Damn Jenny Harries in conversation with another person

Big Interview: Public Health in the Public Eye


This article is from the GP Frontline archive and was originally published in September 2022

Professor Dame Jenny Harries, Chief Executive of the UK Health Security Agency, and Deputy Chief Medical Officer during the COVID-19 pandemic, talks to GP Frontline about learning from crises – and being scrutinised in the public eye.

As inaugural Chief Executive of the UK Health Security Agency (UKHSA), Professor Dame Jenny Harries now oversees some of the labs where her father, a virologist, once worked visualising coronaviruses using electron microscopy.

At a recent event at Oxford University on pandemic preparedness, she describes seeing her father, who passed away at the start of the Covid-19 pandemic, staring back at her from a photo on one of the slides. “It's gone full cycle in the family, which was completely unintentional but quite satisfying,” she says.

Dame Jenny wants to make one thing very clear: we are still in a pandemic. It's something that comes up three times in the first five minutes of our conversation – and continuing to manage it, albeit in a more proactive way, is her top priority as head of the UKHSA.

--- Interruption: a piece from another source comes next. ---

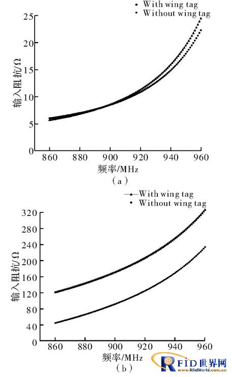 圖5 標簽天線在有無翼型結構時的輸入阻抗對比
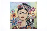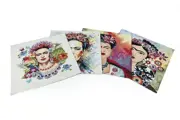 U ontvangt 4 prachtige ongezoomde wandtapijten, met herinterpretaties van de grote Mexicaanse schilder Frida Kahlo, van ongeveer 45 cm x 45 cm.

Damn Jenny Harries headshot
Dame Jenny outside Nobel House, UKHSA headquarters Dame Jenny outside Nobel House, UKHSA headquarters

Arguably best known as Deputy Chief Medical Officer for England during the Covid-19 pandemic, Dame Jenny was a very public face of the crisis, regularly appearing at the Government’s daily press conferences alongside Chief Medical Officer for England, Chris Whitty, former Deputy Chief Medical Officer for England, Jonathan Van Tam, and others. “Between us, we had probably all the right skills and experience across completely different settings,” she says, keen to emphasise that leading the vaccination response was very much a team effort.

Now at the helm of the UKHSA, Dame Jenny stresses that whilst continuing to manage Covid is a big part of the role, significant other work is also ongoing. “We've had Lassa fever. We've had monkeypox. We prevented children eating some potentially salmonella-infected chocolate just before Easter. “We focus on health protection, protecting communities, preventing health threats and responding to those that arise. We do chemical, biological, radiation and nuclear response. We're using cutting edge data and analytics and scientific and genomic skills to have a really fast response.”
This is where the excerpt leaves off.